Morris spoke to the Daily at a victory party with Roulston at the Woodstock Brewhouse.

“It’s good to win, but even better to win in a big way,” Morris said. “I think Karl and I have made a statement tonight across the board. I’ve had more support from all walks of life this election than I’ve ever had before. I mean I’ve had the Democrats, the independents, the Republicans, people that don’t get involved in politics — they came to my aid, they helped me out.”

District 5 candidate Dennis Morris, left, and School Board candidate Shelby Kline campaign in Toms Brook Tuesday afternoon. Rich Cooley/Daily

Morris went on to say he felt the win served as a testament to both his campaign and against his opponent’s and referred to his defeat by Shruntz four years ago.

“I had a vision, I was respectful to my other supervisors, I would compromise to get things done, and I was a face in the community,” Morris said. “I think it was both; what my opponent didn’t do, I think what I did in the past and the great team I had around me in the campaign.”

Morris said he expects the morale of the Shenandoah County government employees and school division workers to “jump 25 percent” the day after the election.

“Number one, I think it’s going to be a morale issue, number two, I think that we’ve set the tone, you know, to say, Shenandoah County’s going to go in a different direction,” Morris said. “We’re going to be leading instead of following. We want to be a leader. And Shenandoah County is a shining light.”

But Kwiatkowski expressed concerns about the future given the membership of the board. Kwiatkowski said she expects to see her taxes increase over the next few years and the county’s government to grow and remain “inefficient and overpriced.” Kwiatkowski criticized people in the Republican Party she said backed Neese rather than their own candidate as well as supporters of the Parents Alliance for Strong Schools and Responsible Leadership for Shenandoah County.

Shenandoah County District 4 Supervisor Marsha Shruntz sits inside her truck Tuesday afternoon at the polling site at Round Hill Church of the Brethren. Rich Cooley/Daily

“It’s tough going up against the machine in this county and, of course, when I say machine I would clearly define it as this irresponsible leadership group, PASS, the high-tax-spend people …” Kwiatkowski said by phone, adding that local Republicans did not support her push for limited government.

Kwiatkowski thanked the people who endorsed her and complimented her campaign workers.

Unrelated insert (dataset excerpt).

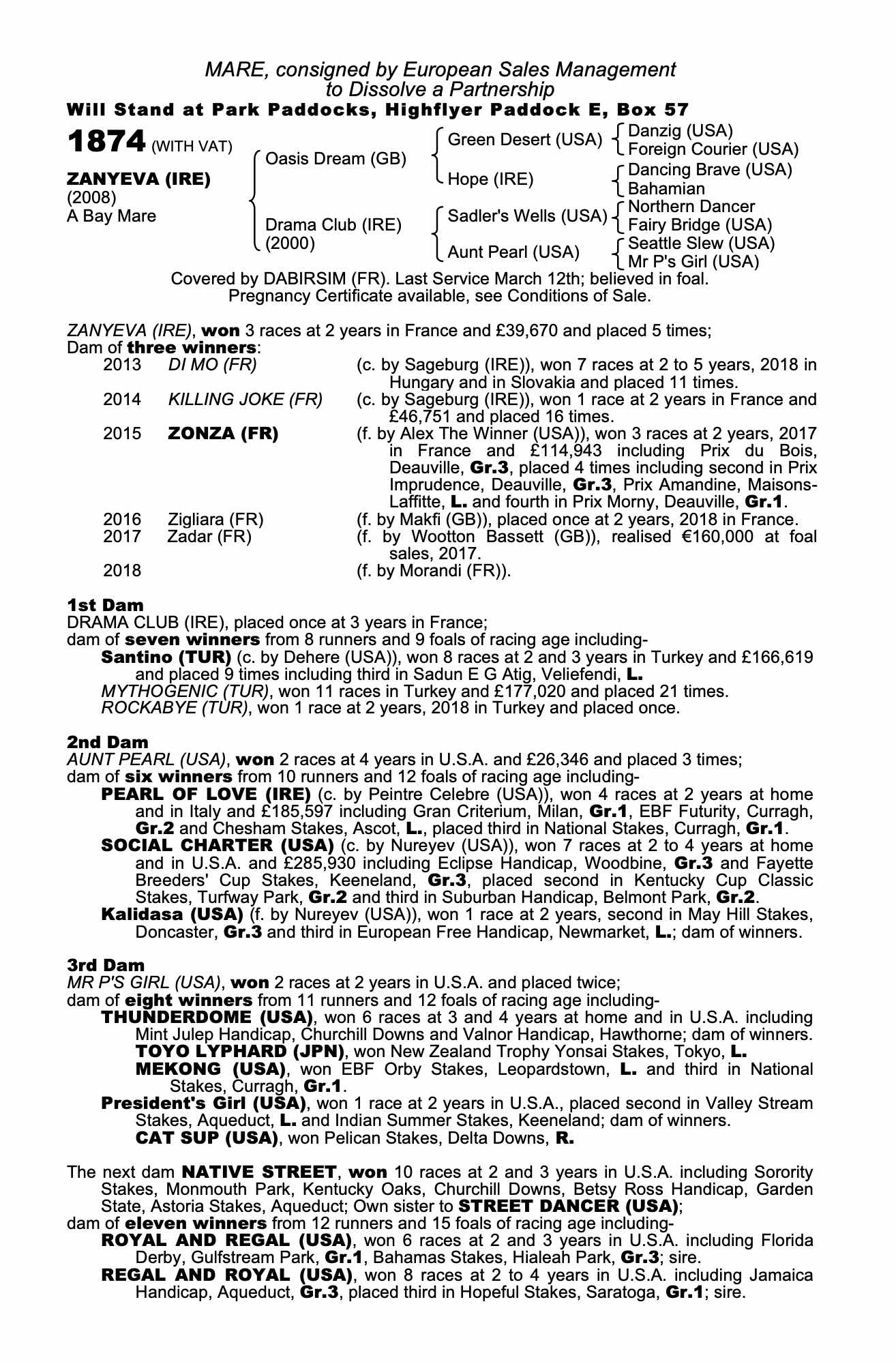 December Mare Sale 2019 lot 1799 Zonza (FR) (F. by Alex The Winner (USA)), European Sales Management=>Katsumi Yoshida 340,000 gns
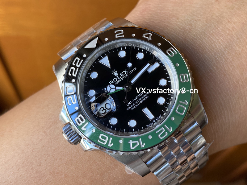 2:VS廠勞力士雪碧圈左撇子格林尼治復刻版的外觀還原設計完美演繹到底了原版一致工藝,表殼采取了904L精鋼材質鍛造,使其堅固耐磨,表殼的拋光處理光滑而細膩,手握時更顯厚重與質感,表殼的厚度以及直徑都按照原版復制,完美還原對版。

Kwiatkowski said she plans to remain engaged and to hold local government accountable.

“Clearly many Republicans voted for my opponent so the party is split,” Kwiatkowski said. “The Republican Party here is a microcosm of what it is everywhere. It’s a very split party. To call it a unified would be nuts.”

Daily staff writer Lewis Millholland contributed to this report.